EXERCISE DESCRIPTION:
Exclude the pictures, then restate exactly each line of the data below from the first through the line containing "14時ごろの4円パチンコを見".

EXERCISE DATA:
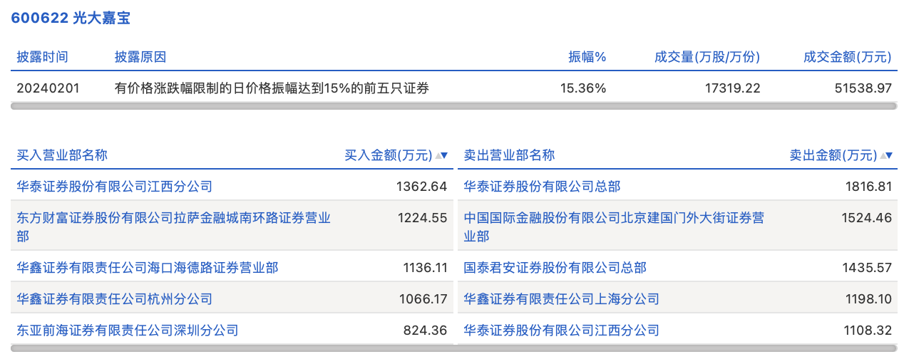 2月1日,光大嘉宝今日跌6.11%,龙虎榜数据显示,上榜营业部席位全天成交1.27亿元,占当日总成交金额比例为24.64%。其中,买入金额为5613.82万元,卖出金额为7083.25万元,合计净卖出1469.43万元。
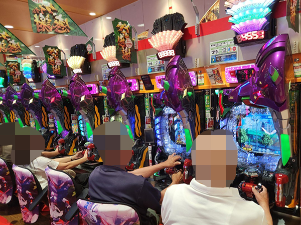 14時ごろの4円パチンコを見てみると「e花の慶次〜傾奇一転」や「新世紀エヴァンゲリオン〜未来への咆哮〜」が高稼働。プレイヤーの嬉しそうな表情を多数確認している。
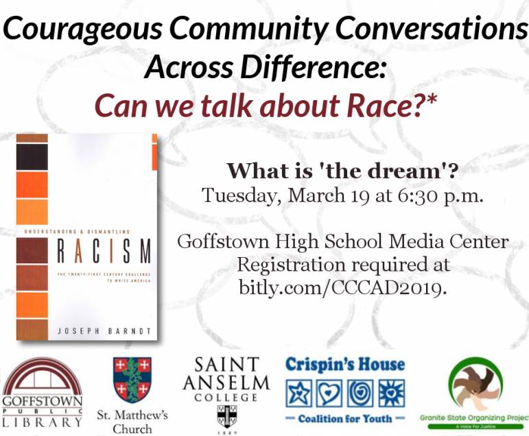 Join this facilitated conversation exploring the “dream” as articulated by Dr. Martin Luther King and described in the book “Understanding & Dismantling Racism” by Joseph Barndt. During the conversation, we will discuss what the “dream” might look like in the Greater Goffstown community. Registration is required at http://bitly.com/CCCAD2019.

EXERCISE OUTPUT:
 2月1日,光大嘉宝今日跌6.11%,龙虎榜数据显示,上榜营业部席位全天成交1.27亿元,占当日总成交金额比例为24.64%。其中,买入金额为5613.82万元,卖出金额为7083.25万元,合计净卖出1469.43万元。
 14時ごろの4円パチンコを見てみると「e花の慶次〜傾奇一転」や「新世紀エヴァンゲリオン〜未来への咆哮〜」が高稼働。プレイヤーの嬉しそうな表情を多数確認している。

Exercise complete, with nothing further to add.